Above mentioned interaction with blind web users compelled us to think beyond the limitations of screen readers. We observed that while working for some web related task that involves multiple form-filling spread over many pages/interfaces, screen reader users have to face difficulties at several levels. In most of the cases, cursor control does not come automatically to the relevant form to be filled on next page. Instead, blind user may need to search or traverse along the general navigational structure of the webpage. Besides, JavaScript validation may also create problems. Most of the JavaScript validations work on the click event of submit button. It is not always easy to comply with the validation requirements using screen reader as user may have to search, among many fields, the one to be modified.

In this paper, some of these issues and challenges have been taken up. We propose a framework using which, dedicated speech based interface may be provided on an existing website of public interest by its owner for providing its important services to the blind users. Thus, a blind user can perform important tasks independently on such a website without using any assistive tool like screen reader.

Existing systems and related work

There have been two popular approaches among the researchers to address the issues related to speech based web access for blind user. The first approach employs a client based assistive tool (e.g. screen reader) to speak out the web content in some desired order. The other approach makes the use of online Text to Speech (TTS) service through a proxy server to convert and send the web data in mp3 or other format to the client where it is played by a browser plug-in. In both cases, a transcoder may be used to renders the web content after converting it to a more accessible form. Unfortunately, both the approaches do not provide perfect solution for the accessibility problem and suffer from their own limitations. Usability of the screen readers is mainly constrained by the complex structure/poor accessibility of web pages. The proxy server based approach may not be treated as reliable as they are maintained by a third party. Besides, they may not work on secure sites. Thus, there are many important web based tasks which, at present, cannot be performed satisfactorily by the blind user using any of the available assistive tools.

Screen readers

Various systems have been developed using approaches like content analysis, document reading rules, context summary, summary/gist based, semantic analysis, sequential information flow in web pages etc. But these systems have a number of issues which make them less usable. First, they are essentially screen readers or their extension. Second, they provide only browsing and do not support other applications like mail, form-filling, transaction, chat etc. A brief survey of some important Screen Readers is given here.

Some of the most popular screen-readers are JAWS [3] and IBM’s Home Page Reader [4].

Emacspeak [5] is a free screen reader for Emacs developed by T. V. Raman and first released in May 1995; it is tightly integrated with Emacs, allowing it to render intelligible and useful content rather than parsing the graphics.

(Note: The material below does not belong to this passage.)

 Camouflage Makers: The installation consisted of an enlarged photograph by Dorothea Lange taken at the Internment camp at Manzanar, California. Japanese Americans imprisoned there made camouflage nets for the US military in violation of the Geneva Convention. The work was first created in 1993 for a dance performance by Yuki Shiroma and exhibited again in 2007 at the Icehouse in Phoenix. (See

Brookes Talk [6] is a web browser developed in Oxford Brookes University in 90’s. Brookes Talk provides function keys for accessing the web page. Brookes Talk reads out the webpage using speech synthesis in words, sentences and paragraph mode by parsing the web page content. It also uses some mechanism for searching the suitable results using search engines and supports a conceptual model of website too. It supports modeling of information on web page and summarizes the web page content.

Csurf [7] is developed by Stony Brook University. Csurf is context based browsing system. Csurf brings together content analysis, natural language processing and machine learning algorithm to help blind user to quickly identify relevant information. Csurf is composed of interface manager, context analyzer, browser object from tress processor and dialog generator. Csurf web browser uses the functionality of voice XML, JSAPI, freeTTS, Sphinx, JREXAPI, etc.

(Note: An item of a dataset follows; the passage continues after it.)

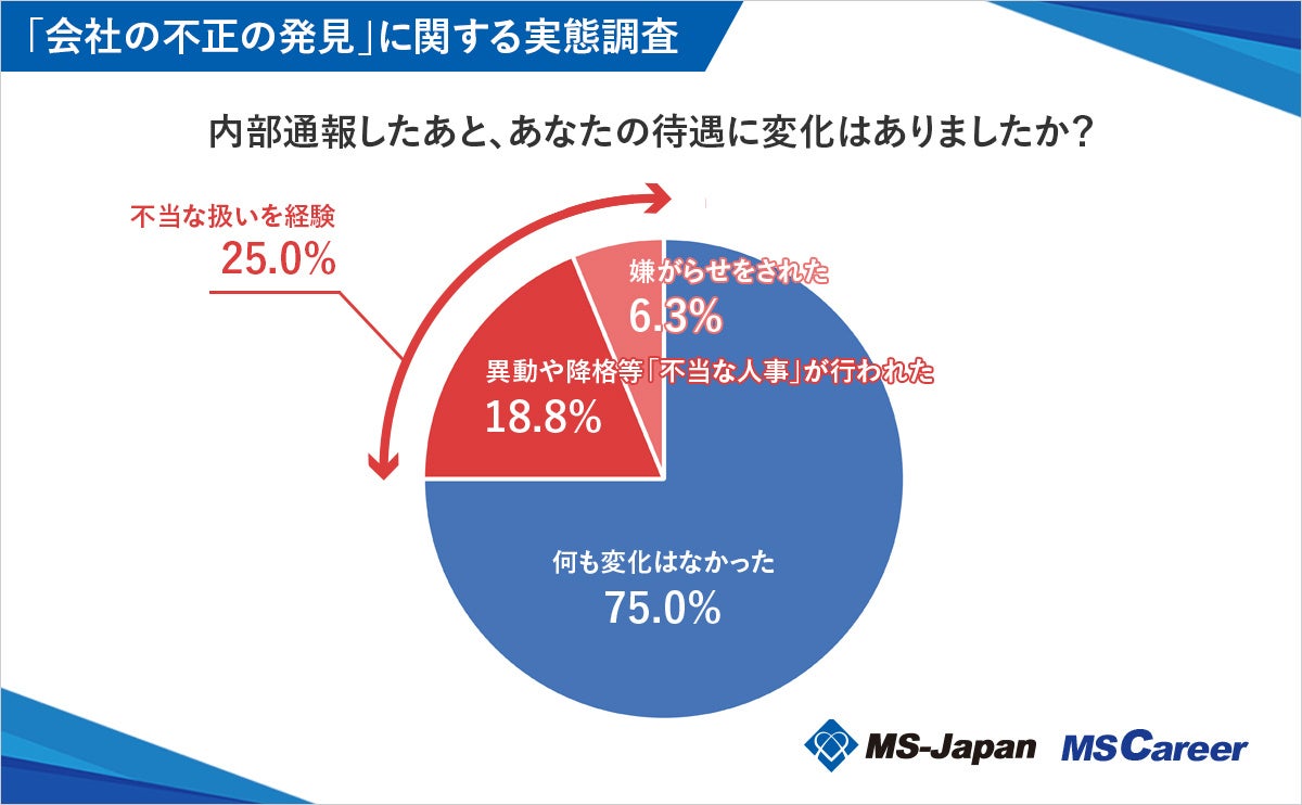 また、内部通報後の待遇については、「4人に1人」が「不当な扱いを受けた」と回答。

Aster (Audio system for technical reading) [8], developed by T. V. Raman, permits visually disabled individuals to manually define their own document reading rules. Aster is implemented by using Emacs as a main component for reading. It recognizes the markup language as logical structure of web page internally. Then user can either listen to entire document or any part of it.

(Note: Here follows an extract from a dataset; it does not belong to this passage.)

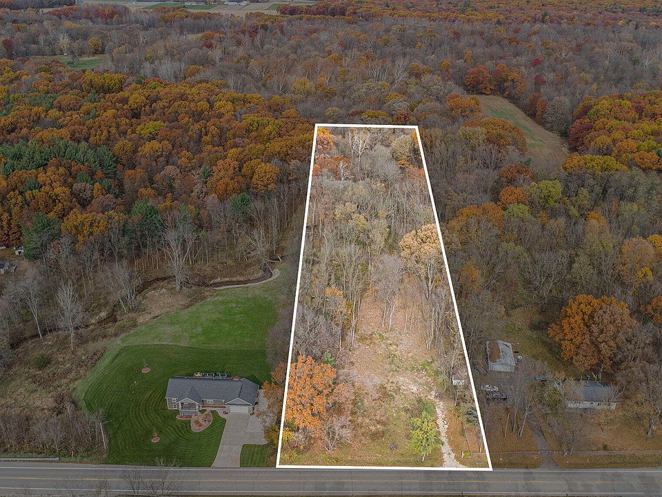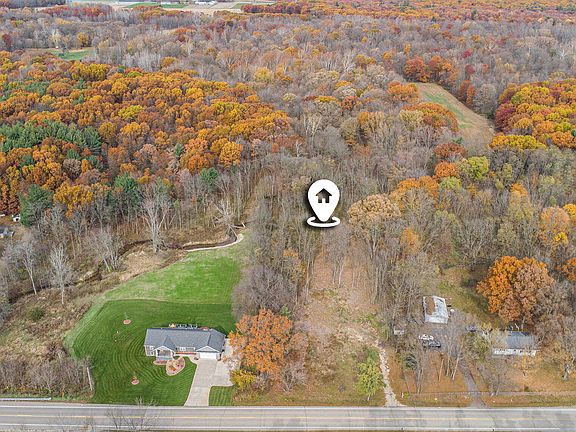 Here is your chance to own 5 acres of land across from Sandy Pines and a private, wooded setting with a creek running through the back half of the property! It is ready for your dream home! Perfect building site! The seller has recently had a survey done so stakes are in the property. Seller recently had a soil boring test and a well and septic evaluation so property is ready to go for you! Only like 20 mintues to GR! On a paved road. Options to build near road or build farther back of property. Tall trees and rolling hills but also level in areas!

Some researchers have also proposed to extract the web content using semantics [9].

Hearsay [10] is developed at Stony Brook University. It is a multimodal dialog system in which browser reads the webpage under the control of the user. It analyzes the web page content like HTML, DOM tree, segments web page and on the basis of this generates VoiceXML dialogues.

A Vernacular Speech Interface for People with visual Impairment named ‘Shruti’ has been developed at Media Lab Asia research hub at IIT Kharagpur, India. It is an embedded Indian language Text-to-Speech system that accepts text inputs in two Indian languages - Hindi and Bengali, and produces near natural speech output.

Shruti-Drishti [11] is a Computer Aided Text-to-Speech and Text-to-Braille System developed in collaboration with CDAC Pune and Webel Mediatronics Ltd, (WML) Kolkata. This is an integrated Text-to-Speech and Text-to-Braille system which enables persons with visual impairment to access the electronic documents from the conference websites in speech and braille form.

Screen reading software SAFA (Screen Access For All) [12] has been developed by Media Lab Asia research hub at IIT Kharagpur in collaboration with National Association for the Blind, New Delhi in Vernacular language to enable the visually disabled persons to use PC. This enables a person with visual impairment to operate PC using speech output. It gives speech output support for windows environment and for both English and Hindi scripts.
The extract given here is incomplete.